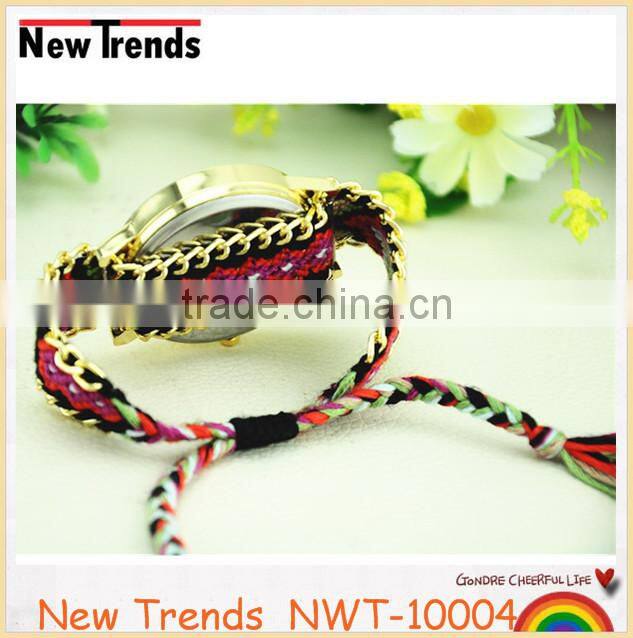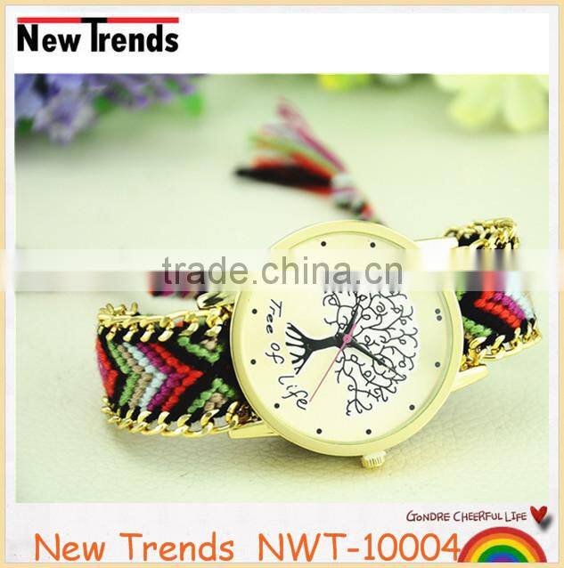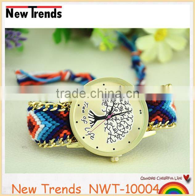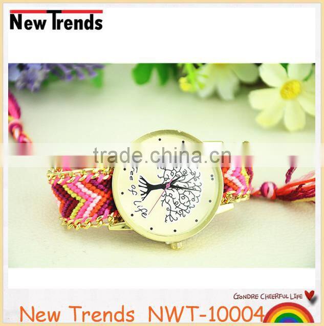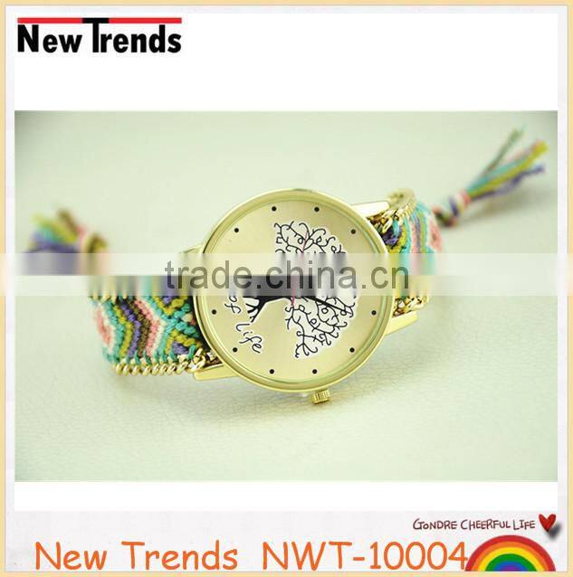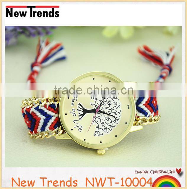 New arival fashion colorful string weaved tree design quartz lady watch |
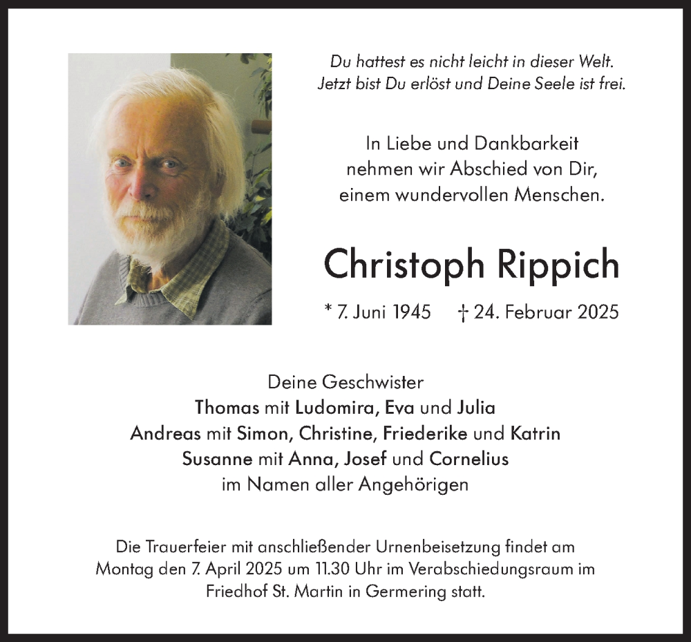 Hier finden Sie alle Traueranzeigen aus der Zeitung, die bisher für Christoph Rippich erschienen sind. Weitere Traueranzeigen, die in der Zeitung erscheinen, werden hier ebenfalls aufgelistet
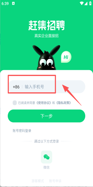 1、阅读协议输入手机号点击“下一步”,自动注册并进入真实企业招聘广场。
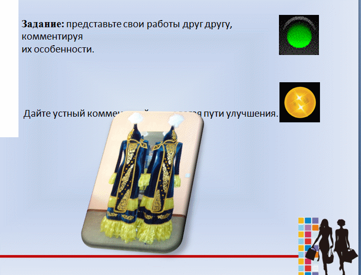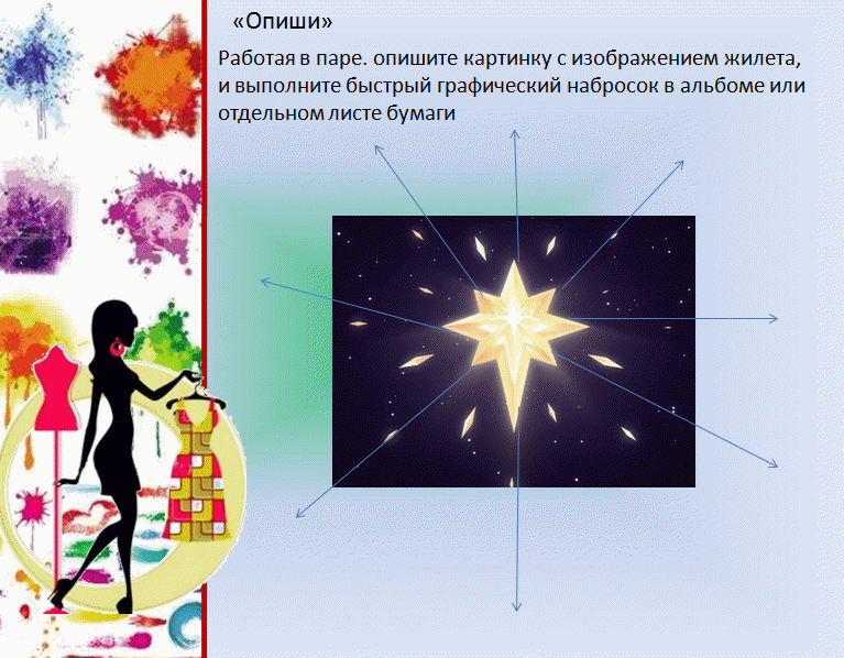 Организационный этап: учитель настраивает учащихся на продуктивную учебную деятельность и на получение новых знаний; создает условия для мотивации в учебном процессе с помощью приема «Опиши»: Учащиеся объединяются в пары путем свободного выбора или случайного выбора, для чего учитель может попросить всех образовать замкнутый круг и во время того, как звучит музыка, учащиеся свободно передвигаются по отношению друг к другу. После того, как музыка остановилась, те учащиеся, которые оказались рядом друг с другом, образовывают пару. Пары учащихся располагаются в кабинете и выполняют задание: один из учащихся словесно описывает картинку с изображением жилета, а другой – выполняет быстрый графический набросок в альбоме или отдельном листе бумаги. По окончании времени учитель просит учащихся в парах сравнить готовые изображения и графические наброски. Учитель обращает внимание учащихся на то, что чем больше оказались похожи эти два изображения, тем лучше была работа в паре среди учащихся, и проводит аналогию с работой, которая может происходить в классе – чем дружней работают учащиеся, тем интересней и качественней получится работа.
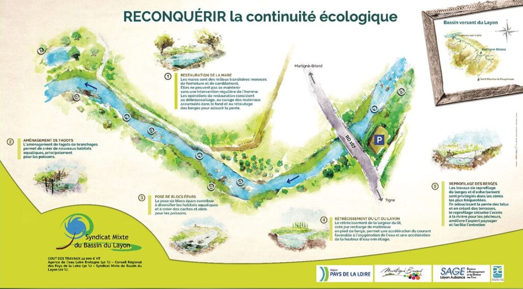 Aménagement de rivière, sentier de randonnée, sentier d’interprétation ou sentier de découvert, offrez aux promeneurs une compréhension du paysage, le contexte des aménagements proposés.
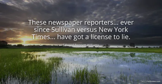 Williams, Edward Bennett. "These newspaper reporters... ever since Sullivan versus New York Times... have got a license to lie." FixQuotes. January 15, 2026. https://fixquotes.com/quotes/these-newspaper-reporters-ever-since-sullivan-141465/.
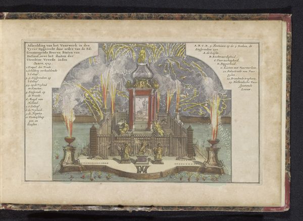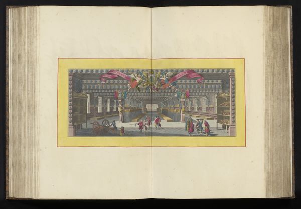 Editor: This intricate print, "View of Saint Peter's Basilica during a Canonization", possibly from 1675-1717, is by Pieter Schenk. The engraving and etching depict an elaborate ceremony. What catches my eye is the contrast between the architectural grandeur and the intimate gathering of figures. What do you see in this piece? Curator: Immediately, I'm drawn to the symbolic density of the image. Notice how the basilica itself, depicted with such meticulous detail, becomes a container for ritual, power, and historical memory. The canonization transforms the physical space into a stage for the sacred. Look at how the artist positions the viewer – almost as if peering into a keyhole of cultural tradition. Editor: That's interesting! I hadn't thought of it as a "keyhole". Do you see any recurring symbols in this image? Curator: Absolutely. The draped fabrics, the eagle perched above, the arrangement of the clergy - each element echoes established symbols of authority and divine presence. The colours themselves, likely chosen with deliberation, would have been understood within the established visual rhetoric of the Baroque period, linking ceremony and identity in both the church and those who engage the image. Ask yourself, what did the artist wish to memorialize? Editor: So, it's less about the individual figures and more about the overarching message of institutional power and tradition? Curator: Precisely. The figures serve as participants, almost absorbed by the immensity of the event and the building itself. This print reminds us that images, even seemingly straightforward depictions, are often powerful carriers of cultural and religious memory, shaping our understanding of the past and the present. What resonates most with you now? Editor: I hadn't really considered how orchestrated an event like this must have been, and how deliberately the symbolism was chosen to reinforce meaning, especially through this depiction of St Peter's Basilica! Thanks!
####
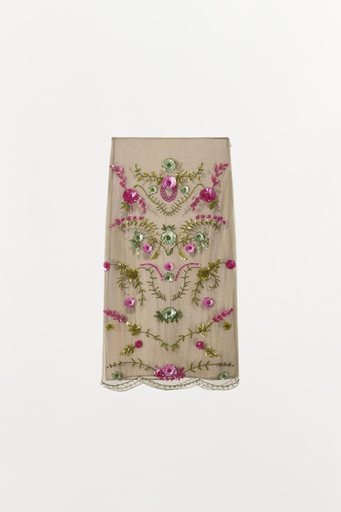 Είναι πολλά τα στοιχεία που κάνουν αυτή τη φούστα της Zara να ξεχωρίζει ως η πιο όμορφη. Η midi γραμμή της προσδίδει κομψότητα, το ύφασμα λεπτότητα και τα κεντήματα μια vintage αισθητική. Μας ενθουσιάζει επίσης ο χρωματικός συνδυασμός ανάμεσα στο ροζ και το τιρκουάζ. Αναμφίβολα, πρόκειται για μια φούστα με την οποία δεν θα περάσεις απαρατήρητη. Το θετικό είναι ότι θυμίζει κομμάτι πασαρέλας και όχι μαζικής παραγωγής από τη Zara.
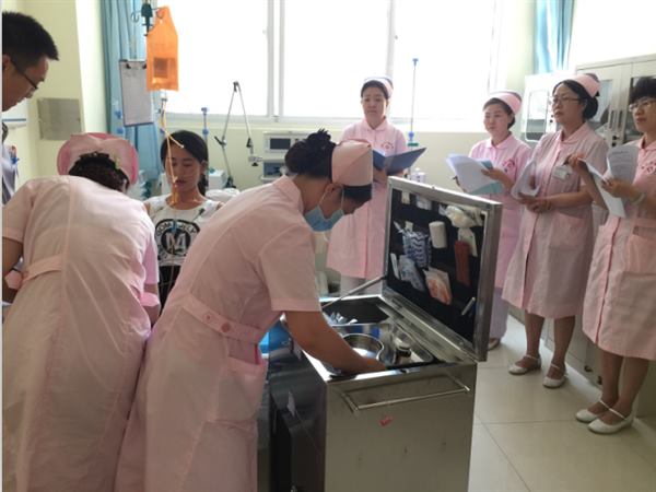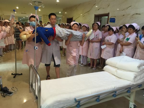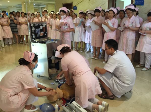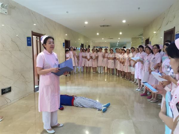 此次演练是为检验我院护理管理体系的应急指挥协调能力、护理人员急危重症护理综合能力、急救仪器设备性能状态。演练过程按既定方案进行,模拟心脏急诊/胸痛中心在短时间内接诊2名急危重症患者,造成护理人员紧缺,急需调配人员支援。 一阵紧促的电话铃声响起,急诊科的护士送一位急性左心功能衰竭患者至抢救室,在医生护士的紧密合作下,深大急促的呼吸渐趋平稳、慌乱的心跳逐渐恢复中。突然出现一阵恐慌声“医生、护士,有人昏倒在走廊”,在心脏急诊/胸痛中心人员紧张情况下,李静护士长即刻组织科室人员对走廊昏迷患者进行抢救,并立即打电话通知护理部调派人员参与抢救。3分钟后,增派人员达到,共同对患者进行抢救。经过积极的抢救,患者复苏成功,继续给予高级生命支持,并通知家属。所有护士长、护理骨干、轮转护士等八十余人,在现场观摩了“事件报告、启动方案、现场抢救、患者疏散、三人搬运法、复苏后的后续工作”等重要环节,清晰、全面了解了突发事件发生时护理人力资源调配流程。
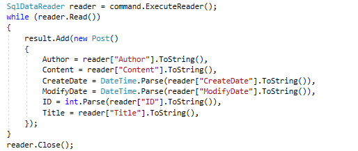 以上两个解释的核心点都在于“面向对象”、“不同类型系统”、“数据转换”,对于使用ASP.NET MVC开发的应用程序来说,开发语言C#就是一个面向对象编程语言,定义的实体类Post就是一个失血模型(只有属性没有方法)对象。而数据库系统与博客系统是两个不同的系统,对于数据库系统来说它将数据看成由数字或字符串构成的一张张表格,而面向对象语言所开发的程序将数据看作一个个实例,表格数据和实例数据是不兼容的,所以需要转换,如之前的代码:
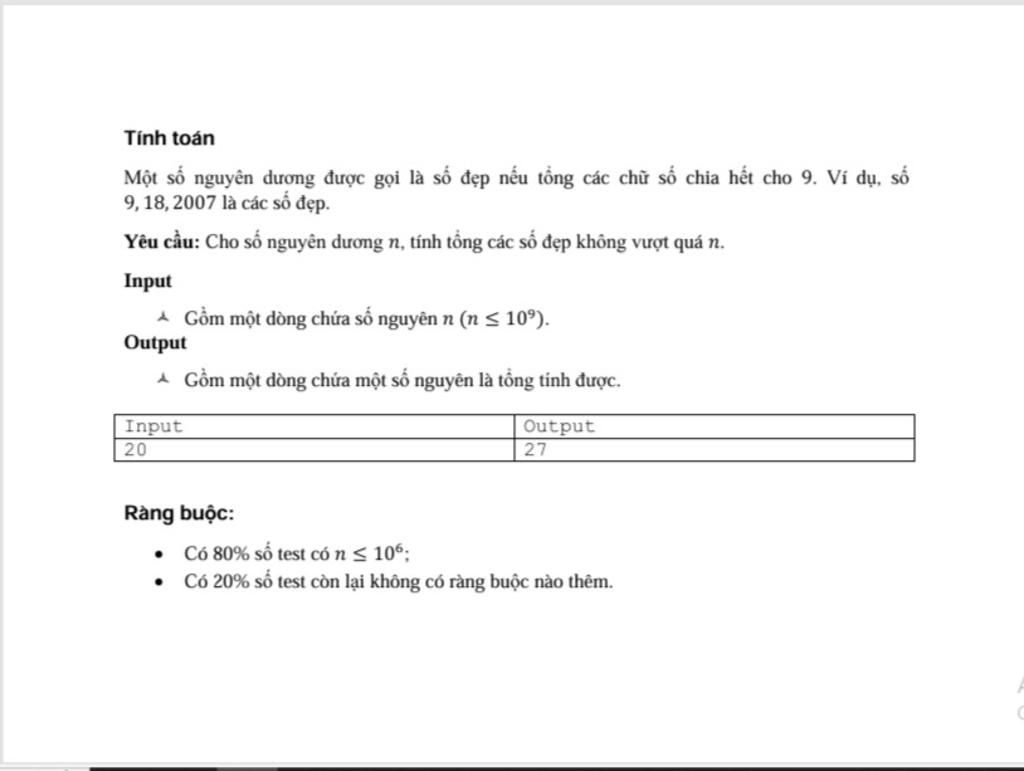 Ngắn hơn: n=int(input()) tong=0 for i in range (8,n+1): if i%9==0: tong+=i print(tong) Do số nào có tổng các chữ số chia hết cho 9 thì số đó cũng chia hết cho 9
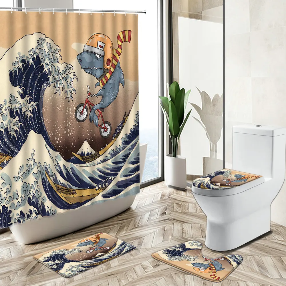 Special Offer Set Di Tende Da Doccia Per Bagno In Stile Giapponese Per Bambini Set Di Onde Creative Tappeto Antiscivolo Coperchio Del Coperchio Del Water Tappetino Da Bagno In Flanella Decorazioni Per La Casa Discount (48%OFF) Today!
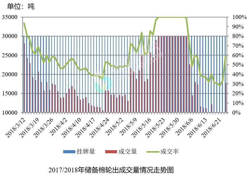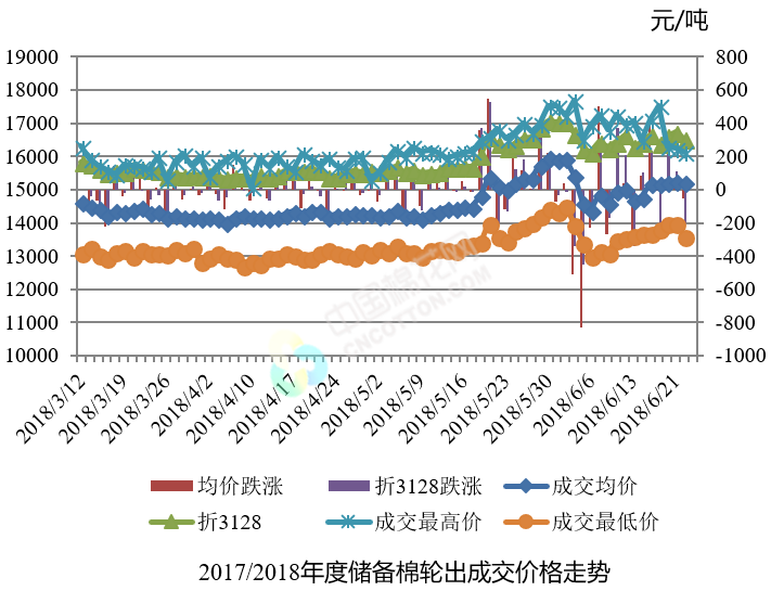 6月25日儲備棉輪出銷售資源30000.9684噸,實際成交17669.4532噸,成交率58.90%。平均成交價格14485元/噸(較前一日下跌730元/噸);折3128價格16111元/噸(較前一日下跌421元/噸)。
####
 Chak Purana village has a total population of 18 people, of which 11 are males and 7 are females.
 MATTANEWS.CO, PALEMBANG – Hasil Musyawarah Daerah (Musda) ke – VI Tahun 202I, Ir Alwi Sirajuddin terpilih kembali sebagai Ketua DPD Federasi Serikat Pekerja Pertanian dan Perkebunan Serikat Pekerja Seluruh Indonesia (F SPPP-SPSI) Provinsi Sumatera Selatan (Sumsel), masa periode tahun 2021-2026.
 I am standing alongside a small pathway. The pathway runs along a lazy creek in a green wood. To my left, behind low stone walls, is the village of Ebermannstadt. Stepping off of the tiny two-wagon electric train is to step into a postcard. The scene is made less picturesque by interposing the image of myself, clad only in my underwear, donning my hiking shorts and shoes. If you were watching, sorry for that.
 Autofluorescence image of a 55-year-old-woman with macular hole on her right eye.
####
Copy out each line of the data in which the word "village" appears.

 Chak Purana village has a total population of 18 people, of which 11 are males and 7 are females.
 I am standing alongside a small pathway. The pathway runs along a lazy creek in a green wood. To my left, behind low stone walls, is the village of Ebermannstadt. Stepping off of the tiny two-wagon electric train is to step into a postcard. The scene is made less picturesque by interposing the image of myself, clad only in my underwear, donning my hiking shorts and shoes. If you were watching, sorry for that.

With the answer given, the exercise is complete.